**Exercise description:**
Your reply must contain exactly the lines running from the one with "在交流会议上,邓富民教授首先" to the last line of the entries below, both included, and no other lines.

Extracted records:

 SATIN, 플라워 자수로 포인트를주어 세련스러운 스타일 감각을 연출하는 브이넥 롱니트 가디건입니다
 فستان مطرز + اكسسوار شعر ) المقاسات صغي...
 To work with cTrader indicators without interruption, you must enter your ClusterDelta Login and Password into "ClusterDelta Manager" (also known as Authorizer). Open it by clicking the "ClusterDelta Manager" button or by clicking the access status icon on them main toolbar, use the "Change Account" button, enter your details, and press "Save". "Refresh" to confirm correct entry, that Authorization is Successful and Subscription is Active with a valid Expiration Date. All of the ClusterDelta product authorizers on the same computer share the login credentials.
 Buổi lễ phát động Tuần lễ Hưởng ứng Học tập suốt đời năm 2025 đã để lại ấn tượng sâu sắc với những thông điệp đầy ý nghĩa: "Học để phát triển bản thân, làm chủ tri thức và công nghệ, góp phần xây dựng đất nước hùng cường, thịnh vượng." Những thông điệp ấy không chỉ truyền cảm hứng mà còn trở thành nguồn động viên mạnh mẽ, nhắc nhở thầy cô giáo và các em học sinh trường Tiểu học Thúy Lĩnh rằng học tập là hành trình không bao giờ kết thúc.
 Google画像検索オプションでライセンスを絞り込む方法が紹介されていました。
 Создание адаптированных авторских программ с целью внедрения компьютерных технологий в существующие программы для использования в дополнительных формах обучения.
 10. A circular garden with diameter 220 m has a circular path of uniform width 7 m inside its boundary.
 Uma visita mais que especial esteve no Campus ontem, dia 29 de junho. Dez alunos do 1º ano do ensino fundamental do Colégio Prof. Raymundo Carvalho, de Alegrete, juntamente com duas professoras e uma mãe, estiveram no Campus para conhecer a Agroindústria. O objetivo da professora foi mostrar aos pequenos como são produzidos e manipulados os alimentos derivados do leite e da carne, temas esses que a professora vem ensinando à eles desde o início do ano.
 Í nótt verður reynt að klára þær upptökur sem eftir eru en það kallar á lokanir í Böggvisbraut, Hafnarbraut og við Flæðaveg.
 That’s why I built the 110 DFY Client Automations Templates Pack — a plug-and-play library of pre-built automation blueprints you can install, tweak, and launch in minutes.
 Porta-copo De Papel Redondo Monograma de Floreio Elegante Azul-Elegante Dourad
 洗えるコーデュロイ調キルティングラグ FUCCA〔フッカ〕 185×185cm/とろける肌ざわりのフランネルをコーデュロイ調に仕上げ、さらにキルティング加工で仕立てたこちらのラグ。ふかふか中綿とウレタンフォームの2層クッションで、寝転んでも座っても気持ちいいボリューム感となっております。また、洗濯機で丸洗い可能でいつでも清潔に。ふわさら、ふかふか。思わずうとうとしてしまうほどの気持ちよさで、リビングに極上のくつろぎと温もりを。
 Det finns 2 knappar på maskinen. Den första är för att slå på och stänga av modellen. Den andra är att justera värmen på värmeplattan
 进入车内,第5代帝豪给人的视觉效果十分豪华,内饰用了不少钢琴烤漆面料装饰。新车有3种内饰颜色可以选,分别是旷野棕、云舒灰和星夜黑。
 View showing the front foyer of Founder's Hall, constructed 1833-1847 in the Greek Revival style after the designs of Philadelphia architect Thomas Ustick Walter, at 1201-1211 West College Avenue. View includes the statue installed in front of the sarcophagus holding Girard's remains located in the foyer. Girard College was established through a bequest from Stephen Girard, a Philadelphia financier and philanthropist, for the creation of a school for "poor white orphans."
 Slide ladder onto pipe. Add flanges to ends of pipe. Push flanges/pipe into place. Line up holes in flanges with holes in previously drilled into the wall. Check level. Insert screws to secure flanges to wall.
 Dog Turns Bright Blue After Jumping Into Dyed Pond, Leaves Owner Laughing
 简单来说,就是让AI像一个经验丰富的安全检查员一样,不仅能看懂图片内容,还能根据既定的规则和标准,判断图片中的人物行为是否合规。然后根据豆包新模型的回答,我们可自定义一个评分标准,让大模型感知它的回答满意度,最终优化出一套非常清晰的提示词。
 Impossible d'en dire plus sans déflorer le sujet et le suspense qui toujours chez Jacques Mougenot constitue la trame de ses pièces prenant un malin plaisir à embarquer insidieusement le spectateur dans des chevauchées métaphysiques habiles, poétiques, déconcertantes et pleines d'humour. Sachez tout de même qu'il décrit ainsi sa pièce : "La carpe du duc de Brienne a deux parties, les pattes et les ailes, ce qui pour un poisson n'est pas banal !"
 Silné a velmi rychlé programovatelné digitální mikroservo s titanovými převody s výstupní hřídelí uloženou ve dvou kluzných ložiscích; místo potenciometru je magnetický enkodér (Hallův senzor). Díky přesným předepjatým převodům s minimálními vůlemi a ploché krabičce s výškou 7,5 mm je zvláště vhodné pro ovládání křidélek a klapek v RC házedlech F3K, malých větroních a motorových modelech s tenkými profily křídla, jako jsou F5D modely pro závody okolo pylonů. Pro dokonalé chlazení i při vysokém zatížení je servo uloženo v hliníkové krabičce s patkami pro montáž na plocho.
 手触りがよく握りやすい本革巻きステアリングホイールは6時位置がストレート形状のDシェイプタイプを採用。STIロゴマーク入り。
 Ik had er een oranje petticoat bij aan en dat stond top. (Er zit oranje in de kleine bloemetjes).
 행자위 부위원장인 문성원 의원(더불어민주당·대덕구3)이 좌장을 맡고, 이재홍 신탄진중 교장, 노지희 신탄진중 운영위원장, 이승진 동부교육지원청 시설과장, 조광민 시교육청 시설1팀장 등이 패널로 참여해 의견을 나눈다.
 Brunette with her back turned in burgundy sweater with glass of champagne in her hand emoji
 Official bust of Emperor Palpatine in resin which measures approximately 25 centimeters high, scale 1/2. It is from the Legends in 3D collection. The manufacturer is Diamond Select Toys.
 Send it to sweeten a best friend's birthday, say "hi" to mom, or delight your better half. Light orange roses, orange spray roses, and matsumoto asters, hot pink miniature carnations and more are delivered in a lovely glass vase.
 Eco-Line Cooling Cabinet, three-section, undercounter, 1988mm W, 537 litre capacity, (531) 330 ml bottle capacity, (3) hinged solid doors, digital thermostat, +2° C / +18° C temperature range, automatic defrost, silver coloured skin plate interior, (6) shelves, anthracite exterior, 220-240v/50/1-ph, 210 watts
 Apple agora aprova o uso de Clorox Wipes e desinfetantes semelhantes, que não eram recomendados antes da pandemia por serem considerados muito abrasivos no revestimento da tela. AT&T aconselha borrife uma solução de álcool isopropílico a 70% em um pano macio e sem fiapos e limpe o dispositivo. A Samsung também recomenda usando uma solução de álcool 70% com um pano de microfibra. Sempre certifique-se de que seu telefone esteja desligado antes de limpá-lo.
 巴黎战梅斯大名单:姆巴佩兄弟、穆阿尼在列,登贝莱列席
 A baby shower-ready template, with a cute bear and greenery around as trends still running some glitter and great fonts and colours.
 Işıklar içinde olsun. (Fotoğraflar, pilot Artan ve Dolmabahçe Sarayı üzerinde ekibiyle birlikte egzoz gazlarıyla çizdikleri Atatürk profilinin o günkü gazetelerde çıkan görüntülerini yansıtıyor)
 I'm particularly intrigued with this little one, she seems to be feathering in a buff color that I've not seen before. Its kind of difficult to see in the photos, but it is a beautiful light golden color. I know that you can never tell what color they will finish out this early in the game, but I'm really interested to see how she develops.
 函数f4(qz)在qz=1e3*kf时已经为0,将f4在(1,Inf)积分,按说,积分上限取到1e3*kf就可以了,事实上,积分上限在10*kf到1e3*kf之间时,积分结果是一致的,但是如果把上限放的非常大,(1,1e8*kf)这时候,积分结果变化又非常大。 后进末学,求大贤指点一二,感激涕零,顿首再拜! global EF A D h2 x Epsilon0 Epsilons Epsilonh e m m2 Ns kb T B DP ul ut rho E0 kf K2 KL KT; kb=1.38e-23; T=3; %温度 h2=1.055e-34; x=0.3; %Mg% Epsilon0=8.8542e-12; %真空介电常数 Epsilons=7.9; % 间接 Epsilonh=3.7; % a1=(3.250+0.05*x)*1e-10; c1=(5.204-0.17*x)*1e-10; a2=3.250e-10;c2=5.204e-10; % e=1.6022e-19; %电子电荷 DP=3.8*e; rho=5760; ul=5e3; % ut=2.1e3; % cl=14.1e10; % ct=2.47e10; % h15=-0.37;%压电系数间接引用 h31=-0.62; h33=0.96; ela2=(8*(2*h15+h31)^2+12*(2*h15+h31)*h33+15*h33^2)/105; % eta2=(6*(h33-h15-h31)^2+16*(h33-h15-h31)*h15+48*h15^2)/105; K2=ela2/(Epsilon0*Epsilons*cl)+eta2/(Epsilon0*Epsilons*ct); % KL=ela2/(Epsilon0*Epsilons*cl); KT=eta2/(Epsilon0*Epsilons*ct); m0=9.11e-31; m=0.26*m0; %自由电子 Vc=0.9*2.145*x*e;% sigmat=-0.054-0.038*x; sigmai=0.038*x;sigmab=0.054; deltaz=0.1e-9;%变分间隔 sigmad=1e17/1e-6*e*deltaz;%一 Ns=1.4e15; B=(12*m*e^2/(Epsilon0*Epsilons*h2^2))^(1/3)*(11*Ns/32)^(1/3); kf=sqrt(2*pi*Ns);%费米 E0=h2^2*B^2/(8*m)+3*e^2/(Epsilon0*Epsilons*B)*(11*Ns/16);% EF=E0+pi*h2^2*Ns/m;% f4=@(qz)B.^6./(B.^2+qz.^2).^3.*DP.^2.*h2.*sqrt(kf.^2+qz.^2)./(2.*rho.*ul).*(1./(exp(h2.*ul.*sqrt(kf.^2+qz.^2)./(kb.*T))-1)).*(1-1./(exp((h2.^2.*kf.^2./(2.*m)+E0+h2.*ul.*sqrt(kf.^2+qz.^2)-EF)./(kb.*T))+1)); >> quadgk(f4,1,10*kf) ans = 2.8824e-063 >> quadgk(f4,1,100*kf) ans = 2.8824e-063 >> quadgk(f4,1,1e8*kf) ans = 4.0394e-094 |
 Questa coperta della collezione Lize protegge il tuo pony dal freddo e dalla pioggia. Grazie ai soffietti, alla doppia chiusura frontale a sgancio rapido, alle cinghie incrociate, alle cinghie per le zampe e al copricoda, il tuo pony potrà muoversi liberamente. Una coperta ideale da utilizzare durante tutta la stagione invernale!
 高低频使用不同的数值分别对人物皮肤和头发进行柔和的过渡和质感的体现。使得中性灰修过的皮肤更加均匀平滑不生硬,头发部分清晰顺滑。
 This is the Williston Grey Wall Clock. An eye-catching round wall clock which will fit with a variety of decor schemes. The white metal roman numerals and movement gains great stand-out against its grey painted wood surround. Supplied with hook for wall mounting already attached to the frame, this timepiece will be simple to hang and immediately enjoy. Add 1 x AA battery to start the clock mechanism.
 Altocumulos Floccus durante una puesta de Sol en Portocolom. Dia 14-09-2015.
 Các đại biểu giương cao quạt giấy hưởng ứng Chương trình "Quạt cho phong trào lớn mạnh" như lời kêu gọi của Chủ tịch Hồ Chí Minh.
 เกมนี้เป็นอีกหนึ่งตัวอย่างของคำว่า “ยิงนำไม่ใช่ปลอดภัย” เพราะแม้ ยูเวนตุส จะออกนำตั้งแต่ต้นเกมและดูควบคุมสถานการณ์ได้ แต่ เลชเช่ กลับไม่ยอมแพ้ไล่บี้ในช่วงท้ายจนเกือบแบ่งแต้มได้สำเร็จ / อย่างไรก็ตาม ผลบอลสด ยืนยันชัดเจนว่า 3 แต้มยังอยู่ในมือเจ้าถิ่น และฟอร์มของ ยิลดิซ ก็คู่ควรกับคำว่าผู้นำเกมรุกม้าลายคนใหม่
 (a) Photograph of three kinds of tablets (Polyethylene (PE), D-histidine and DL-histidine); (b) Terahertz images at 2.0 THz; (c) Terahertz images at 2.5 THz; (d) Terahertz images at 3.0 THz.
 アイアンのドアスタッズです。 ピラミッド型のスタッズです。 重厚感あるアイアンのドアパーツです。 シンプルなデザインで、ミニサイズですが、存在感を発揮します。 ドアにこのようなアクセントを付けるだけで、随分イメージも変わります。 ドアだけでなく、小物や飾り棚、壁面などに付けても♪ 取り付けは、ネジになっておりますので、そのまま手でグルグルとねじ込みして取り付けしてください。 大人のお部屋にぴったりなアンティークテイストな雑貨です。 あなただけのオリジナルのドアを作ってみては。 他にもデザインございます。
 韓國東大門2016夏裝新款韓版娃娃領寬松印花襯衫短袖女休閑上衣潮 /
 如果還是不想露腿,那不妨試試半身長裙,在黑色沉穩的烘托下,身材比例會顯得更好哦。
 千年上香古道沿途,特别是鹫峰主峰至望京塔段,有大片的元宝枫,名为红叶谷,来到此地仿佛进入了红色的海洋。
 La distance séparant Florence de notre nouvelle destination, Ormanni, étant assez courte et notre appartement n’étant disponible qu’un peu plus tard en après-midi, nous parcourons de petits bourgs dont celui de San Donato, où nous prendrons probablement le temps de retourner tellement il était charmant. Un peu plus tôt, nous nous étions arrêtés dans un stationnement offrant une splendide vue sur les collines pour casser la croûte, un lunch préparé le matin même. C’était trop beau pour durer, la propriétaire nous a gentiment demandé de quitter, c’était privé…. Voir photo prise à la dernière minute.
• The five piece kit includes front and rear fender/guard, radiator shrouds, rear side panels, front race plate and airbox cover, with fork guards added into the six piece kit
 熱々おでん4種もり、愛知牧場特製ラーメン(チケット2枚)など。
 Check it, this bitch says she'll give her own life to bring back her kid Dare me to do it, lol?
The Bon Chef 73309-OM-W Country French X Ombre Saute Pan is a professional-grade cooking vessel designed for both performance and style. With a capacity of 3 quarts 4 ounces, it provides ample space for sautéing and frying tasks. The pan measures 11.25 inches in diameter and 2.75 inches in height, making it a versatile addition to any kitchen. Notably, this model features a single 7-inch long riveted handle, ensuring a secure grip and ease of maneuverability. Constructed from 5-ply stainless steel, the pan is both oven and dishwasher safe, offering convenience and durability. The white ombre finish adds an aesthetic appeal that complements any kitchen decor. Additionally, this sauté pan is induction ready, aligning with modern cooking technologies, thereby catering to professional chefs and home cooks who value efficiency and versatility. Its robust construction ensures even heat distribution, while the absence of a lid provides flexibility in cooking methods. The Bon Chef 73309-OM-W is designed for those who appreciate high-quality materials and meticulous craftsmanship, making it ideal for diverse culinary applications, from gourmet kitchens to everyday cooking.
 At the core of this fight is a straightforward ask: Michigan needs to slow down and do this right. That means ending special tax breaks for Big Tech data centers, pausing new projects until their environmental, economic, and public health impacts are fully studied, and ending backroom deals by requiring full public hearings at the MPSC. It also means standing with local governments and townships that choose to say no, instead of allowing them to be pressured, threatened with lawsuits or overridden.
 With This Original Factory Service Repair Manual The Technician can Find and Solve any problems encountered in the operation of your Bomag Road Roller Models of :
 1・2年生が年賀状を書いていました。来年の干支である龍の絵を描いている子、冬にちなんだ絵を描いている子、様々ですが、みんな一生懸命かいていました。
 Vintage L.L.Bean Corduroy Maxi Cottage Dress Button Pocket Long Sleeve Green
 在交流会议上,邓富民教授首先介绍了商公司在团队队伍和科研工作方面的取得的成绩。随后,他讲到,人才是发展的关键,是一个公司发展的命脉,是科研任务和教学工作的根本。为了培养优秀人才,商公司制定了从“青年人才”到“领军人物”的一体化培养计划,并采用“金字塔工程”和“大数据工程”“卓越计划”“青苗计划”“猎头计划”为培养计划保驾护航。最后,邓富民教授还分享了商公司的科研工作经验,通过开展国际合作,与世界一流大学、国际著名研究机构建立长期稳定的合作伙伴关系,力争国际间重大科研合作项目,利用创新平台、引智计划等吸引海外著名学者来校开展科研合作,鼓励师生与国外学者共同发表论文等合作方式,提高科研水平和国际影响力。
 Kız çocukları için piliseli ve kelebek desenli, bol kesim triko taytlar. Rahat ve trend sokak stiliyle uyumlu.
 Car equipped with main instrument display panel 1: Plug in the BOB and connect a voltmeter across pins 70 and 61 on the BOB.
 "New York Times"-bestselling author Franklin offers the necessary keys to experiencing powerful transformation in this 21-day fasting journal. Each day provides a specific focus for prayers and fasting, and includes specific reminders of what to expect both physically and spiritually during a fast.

**Result:**
 在交流会议上,邓富民教授首先介绍了商公司在团队队伍和科研工作方面的取得的成绩。随后,他讲到,人才是发展的关键,是一个公司发展的命脉,是科研任务和教学工作的根本。为了培养优秀人才,商公司制定了从“青年人才”到“领军人物”的一体化培养计划,并采用“金字塔工程”和“大数据工程”“卓越计划”“青苗计划”“猎头计划”为培养计划保驾护航。最后,邓富民教授还分享了商公司的科研工作经验,通过开展国际合作,与世界一流大学、国际著名研究机构建立长期稳定的合作伙伴关系,力争国际间重大科研合作项目,利用创新平台、引智计划等吸引海外著名学者来校开展科研合作,鼓励师生与国外学者共同发表论文等合作方式,提高科研水平和国际影响力。
 Kız çocukları için piliseli ve kelebek desenli, bol kesim triko taytlar. Rahat ve trend sokak stiliyle uyumlu.
 Car equipped with main instrument display panel 1: Plug in the BOB and connect a voltmeter across pins 70 and 61 on the BOB.
 "New York Times"-bestselling author Franklin offers the necessary keys to experiencing powerful transformation in this 21-day fasting journal. Each day provides a specific focus for prayers and fasting, and includes specific reminders of what to expect both physically and spiritually during a fast.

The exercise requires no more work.